● What you should do:
Everything from the line containing "11月28日至30日,202" to the end of the listing, both included, should be returned exactly, apart from the pictures.

● Input data:

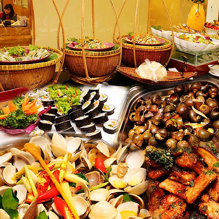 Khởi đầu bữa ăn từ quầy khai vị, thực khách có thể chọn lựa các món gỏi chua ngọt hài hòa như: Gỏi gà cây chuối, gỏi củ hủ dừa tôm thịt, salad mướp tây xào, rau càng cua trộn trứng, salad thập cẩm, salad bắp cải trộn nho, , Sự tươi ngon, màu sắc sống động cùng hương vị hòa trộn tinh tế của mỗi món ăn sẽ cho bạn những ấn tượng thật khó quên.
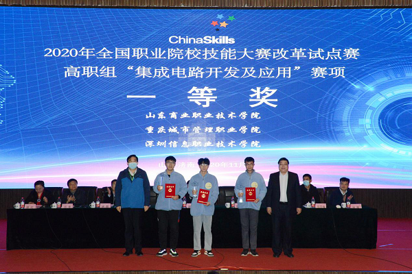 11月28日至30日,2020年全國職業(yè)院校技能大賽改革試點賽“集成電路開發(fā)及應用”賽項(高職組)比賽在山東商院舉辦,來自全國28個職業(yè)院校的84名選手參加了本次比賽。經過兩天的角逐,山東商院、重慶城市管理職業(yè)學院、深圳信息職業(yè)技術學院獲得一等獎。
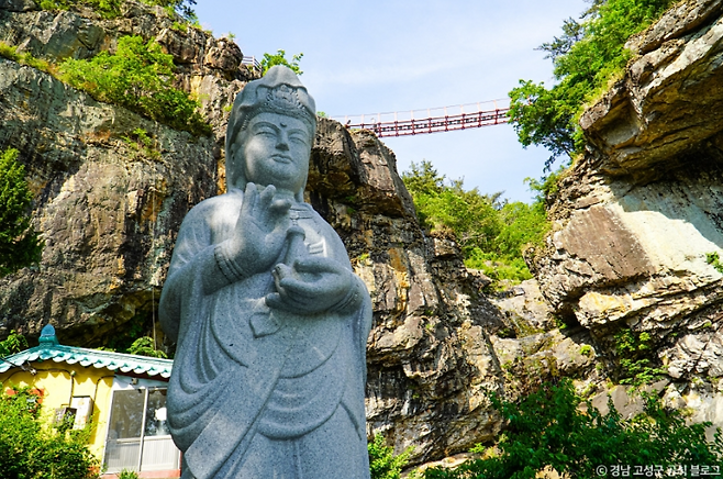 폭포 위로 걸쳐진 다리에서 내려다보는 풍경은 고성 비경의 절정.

● Response:
 11月28日至30日,2020年全國職業(yè)院校技能大賽改革試點賽“集成電路開發(fā)及應用”賽項(高職組)比賽在山東商院舉辦,來自全國28個職業(yè)院校的84名選手參加了本次比賽。經過兩天的角逐,山東商院、重慶城市管理職業(yè)學院、深圳信息職業(yè)技術學院獲得一等獎。
 폭포 위로 걸쳐진 다리에서 내려다보는 풍경은 고성 비경의 절정.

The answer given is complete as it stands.